Plaintiff, Kathleen Keyse (Plaintiff), challenges the final decision of Defendant Andrew Saul, Commissioner of Social Security (Commissioner), denying her applications for Disability Insurance Benefits (DIB) under Title II of the Social Security Act, 42 U.S.C. §§ 416(i), 423, (Act). This court has jurisdiction pursuant to 42 U.S.C. § 405(g). This case is before the undersigned United States Magistrate Judge pursuant to consent of the parties. (R. 12). For the reasons set forth below, the Commissioner’s final decision is REVERSED and REMANDED for proceedings consistent with this opinion. I. Procedural History

Plaintiff applied for DIB on April 7, 2014, alleging a disability onset date of December 11, 2012. (R. 10, Transcript (Tr.) 199). Plaintiff listed the following medical conditions: fibromyalgia, inflammatory arthritis, anxiety/depression, sleep apnea, IBS, chronic fatigue, GERD, euythmia, cyst on spine, and diabetes. (Tr. 224). The application was denied initially and upon re consideration, and Plaintiff requested a hearing before an Administrative Law Judge (ALJ). (Tr. 155-56). Plaintiff participated in the hearing on March 26, 2016, was represented by counsel, and testified. (Tr. 34-103). On April 11, 2016, the ALJ issued an unfavorable decision. (Tr. 17-29). Plaintiff appealed to federal court and on September 27, 2018, the court concluded that the Commissioner’s decision was not supported by substantial evidence and remanded for further consideration of the treating physician’s opinion. (Tr. 1298). In the interim, on July 27, 2017, Plaintiff filed a second DIB claim, with an alleged onset date of April 12, 2016. (Tr. 1393). Plaintiff listed the following medical conditions in support of her application: fibromyalgia, non discriminatory inflammation arthritis, spinal stenosis, foot pain, hand and arm pain, anxiety and depression, hoarding, chronic fatigue, stroke 3/10/17, congestive heart failure. (Tr. 1420). On March 15, 2019, the Appeals Council (AC), noting the federal court’s remand, ordered the new application consolidated with the earlier claim and remanded the matter to the ALJ for further proceedings consistent with the order of the court. (Tr. 1303). The ALJ conducted a supplemental hearing on July 31, 2019, during which Plaintiff was

represented by counsel and testified. (Tr. 1205-23). A vocational expert and a medical expert also testified. (Tr. 1205-23). On August 22, 2019, the ALJ denied Plaintiff’s claims. (Tr. 1181-95). The ALJ’s decision became the Commissioner’s final decision on October 22, 2019, 61 days after the date of the decision. 20 C.F.R. § 404.984(a), (c), (d). On October 25, 2019, Plaintiff filed a complaint challenging the Commissioner’s final decision. (R. 1). The parties have completed briefing. (R. 15, 17, 18). II. Evidence a. Relevant Medical Evidence1

1. Evidence Related to Physical Impairments Prior to ALJ 2016 Decision

With respect to evidence submitted before the ALJ’s 2016 decision, the court incorporates the following summary of the facts2 from Plaintiff’s previous appeal to federal court. Keyse presented to Judith D. Manzon, M.D., on February 28, 2012, complaining of leg pain, radiating down to the knees. (R. 9, tr., at 554.) She also reported swollen joints, both her great toes and her shoulders. Id. On examination, claimant had tenderness of the lateral hips and leg muscles, discomfort with rotation of both hips, and flexion of the left hip, although she had full range of motion (“ROM”). Id. at 555. The doctor administered an injection of Kenalog and Lidocaine in her hip. Id. at 556-557.

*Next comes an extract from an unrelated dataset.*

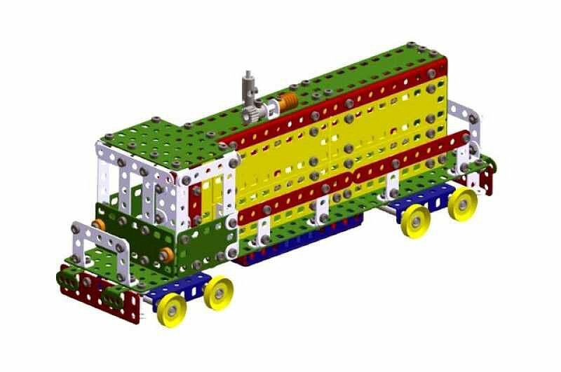 Velká čtyřvrstvá klasická stavebnice. Stavebnice obsahuje základní sestavu součástek a k tomu navíc další součástky pro stavbu velkého požárního auta, velkých jeřábů a dalších modelů. Součástí stavebnice je velká návodová knížka s návodem na stavbu hasičského automobilu, autojeřábu atd.

Keyse returned to Dr. Manzon for a follow-up visit on June 20, 2012. (R. 9, tr., at 358.) Keyse reported that her pain was essentially unchanged since her previous visit. Id. She develops lateral hip pain radiating down the lateral thigh and into her knees. Id. at 358-359. Lodine tablets helped with the pain. Id. at 359. The injection for pain at the earlier visit only provided about two weeks of relief. Id. On examination, Keyse had tenderness of the chest wall, lateral hips and thighs, hamstrings, and arm and leg muscles. Id. at 360. Tylenol adequately controls her pain. Id. at 362. Her medications were continued at the current dose. The doctor had recommended physical therapy, but reported that patient only went to one session. Id. The doctor recommended increased walking. Id.

Keyse presented to Joseph Knapp, M.D., on August 30, 2012, for a comprehensive follow-up appointment. (R. 9, tr., at 369-373.) Dr. Knapp reported that Keyse had been “generally doing okay” since her last visit with him four months prior, except for some increased swelling in her legs, which showed 1 to 2+ edema. Id. at 369- 370. Dr. Knapp noted a history of pulmonary hypertension and congestive heart failure. Id. at 370. The claimant also had hypertension, but was doing well on her current regimen, hyperlipidemia, ongoing thyroid issues, and diabetes. Id.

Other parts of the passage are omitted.